Me puse a reflexionar, flotando sobre la nube:
-Ya que está en tan buena disposición, Agustín dígame, por favor: ¿Qué es lo que usted ha hecho por mi? ¿Qué es lo que debo agradecerle?
-Pues verá, yo hablé por usted en el juicio. Después de que usted murió a todos nos parecía que la suya era un alma vulgar, que usted era un hombre gris, una persona mediocre sin especial relevancia, más cobarde que valiente y más vago que trabajador, un individuo soso y despistado que no había pretendido casi nada verdaderamente importante en el tiempo que le había sido concedido y que había pasado sin más a mejor vida. Sin embargo, para mí, había algo que usted había cuidado especialmente. Me refiero a las obritas que usted publicaba en internet.
-¿Se refiere usted a mi blog? ¿Al blog "De letras adentro"?
-Sí, exactamente.
-Entonces era usted mi lector, el único que me leía.

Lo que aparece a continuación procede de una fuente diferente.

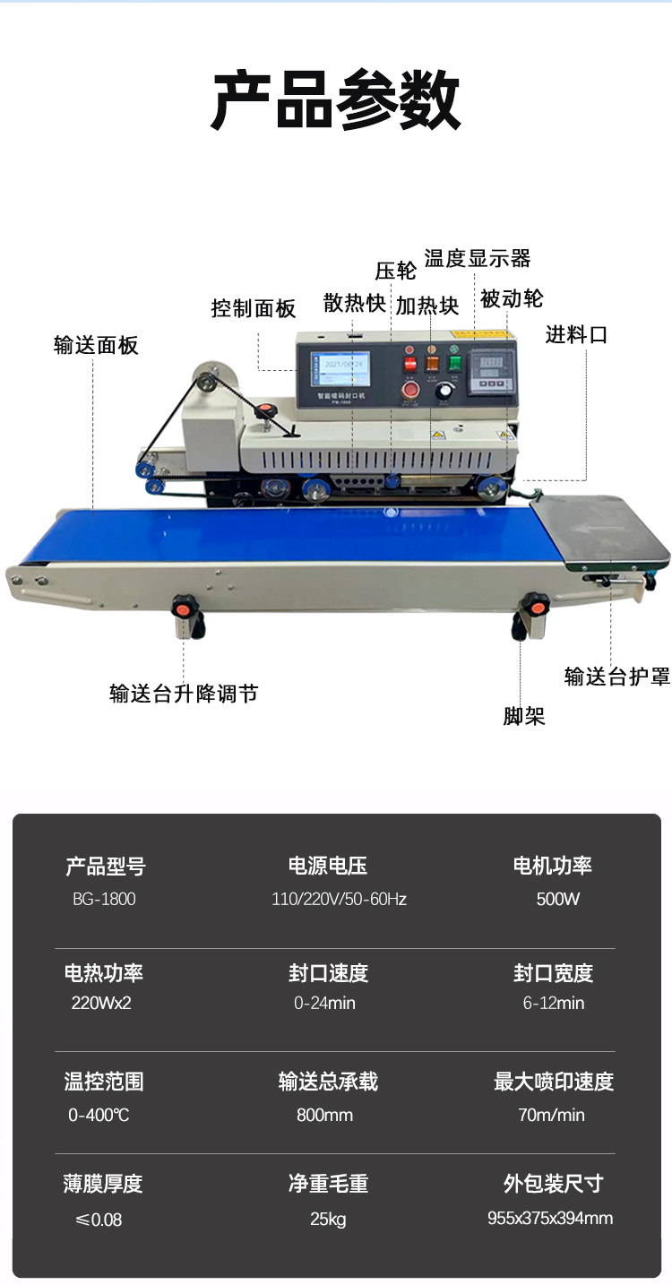 連續式噴碼封口機適用于醫藥、?農藥、?食品、?日化、?潤滑油等行業。?這種設備特別適用于鋁箔袋、?塑料袋、?復合袋的封口,?是這些行業中常用的包裝設備。?連續式噴碼封口機具有封口牢固、?功效高、?結構簡單緊湊、?體積小、?造型美觀、?技術先進、?功耗低以及操作維修保養方便等優點,?因此被廣泛用于食品、?醫藥、?化妝品、?日常用品等行業的包裝過程中。?在生產過程中,?連續式噴碼封口機需要每天更換生產日期以確保產品質量和安全,?符合食品衛生法規定,?是一種理想的封口機械。?此外,?該設備還可以根據需要更換日期、?批號,?使用方便,?能夠滿足不同行業的需求

-Sí, era yo. Como usted debe saber, yo también fuí pecador y luego intenté ser escritor. Por eso sé de la vida y de lo que cuestan las letras y me siento capaz de valorar un trabajo como el suyo en el que destaca la verdad sin vanidad de lo que se cuenta, el ritmo de su prosa y de sus octosílabos y el ingenio de algunas de sus entradas. Por eso yo lo elegí.
-Joder, qué gusto me da.
-Vamos, vamos, cuide un poco su lenguaje, que no está usted en la tierra, y venga conmigo a hablar. No es fácil aquí encontrar alguien con quien discutir, y para mi, que soy un filósofo, un verdadero filósofo, eso es muy necesario. Por eso he intercedido por usted.

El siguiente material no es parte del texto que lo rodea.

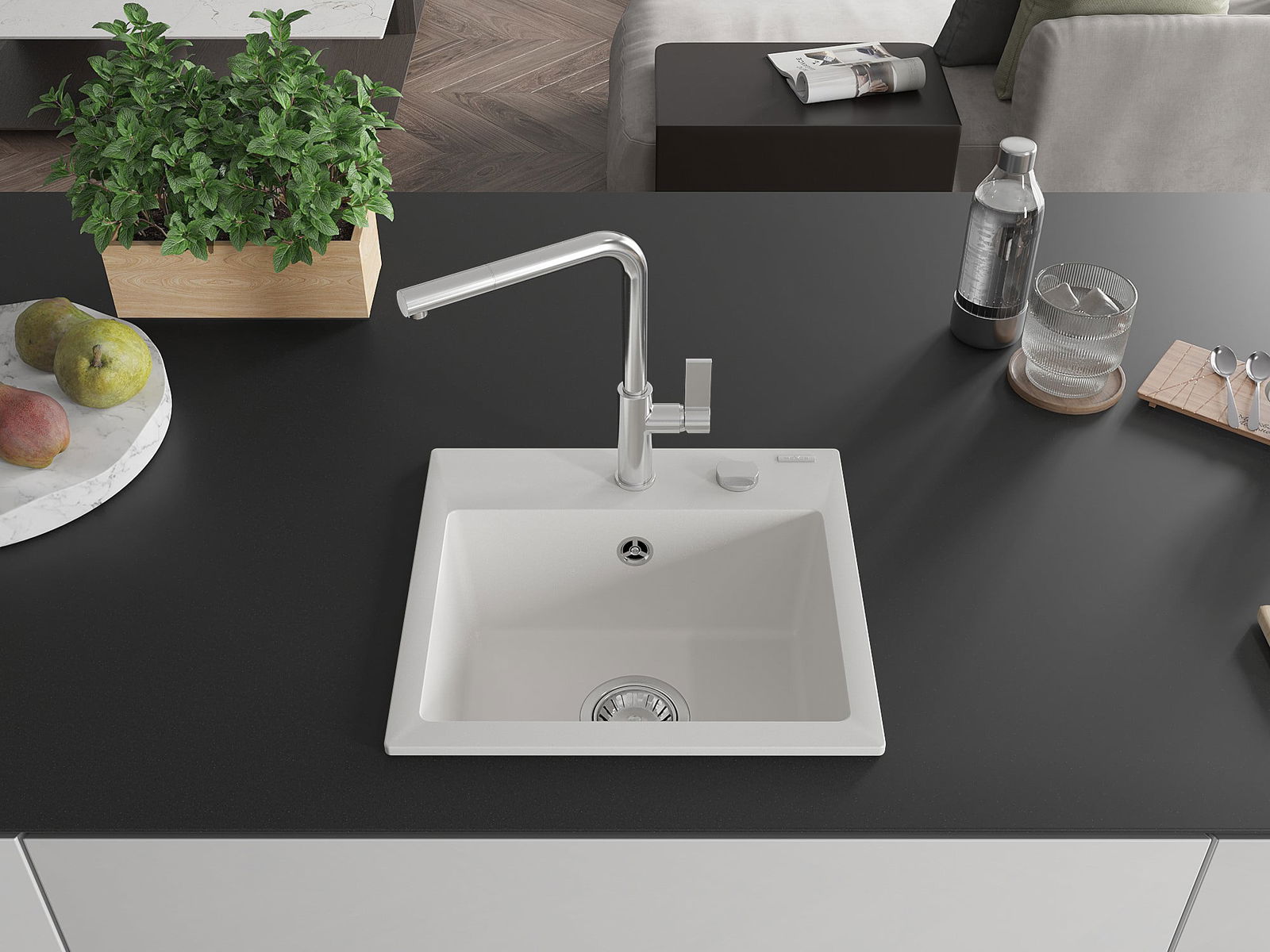 Mexen Milo granieten spoelbak 1-komor met keukenkraan Flora, wit - 6505-20-670401-00

-Reconozco que me gusta mucho el debate y que he sido un poco más que plasta con los amigos de mi confianza, pero yo no sé si podré satisfacerlo.

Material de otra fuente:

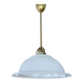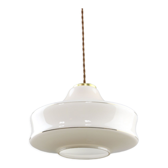 Suspension estampillée raynith du milieu du xxème. Structure en verre moulé en forme de losange: le bas est blanc et brillant et. Le haut est mercurisé ce qui fait office de réflecteur. La hauteur est réglable grace à la chaine avec une hauteur maximum de 110 cm / 44", la hauteur minimum est de 70 cm / 28" En bon état vintage. Quelques traces d'usage sur le réflecteur (cf photos) Douille e14.

-No, no se preocupe. Seguro que lo hará bien. Aquí en el cielo, después de tantos siglos de contemplación de la divinidad y gracias a la transparencia de nuestra esencia espiritual apenas hay nada que podamos discutir. Aquí estamos ya hartos del pensamiento único. Necesitamos sangre nueva, la aportación fresca y espontánea de la vida. Por eso está usted aquí, para romper con la inercia de mil siglos de cultura teocrática. Venga, haga el favor, empecemos ya: ¿Hacia dónde va la historia? ¿Qué opina usted del gobierno?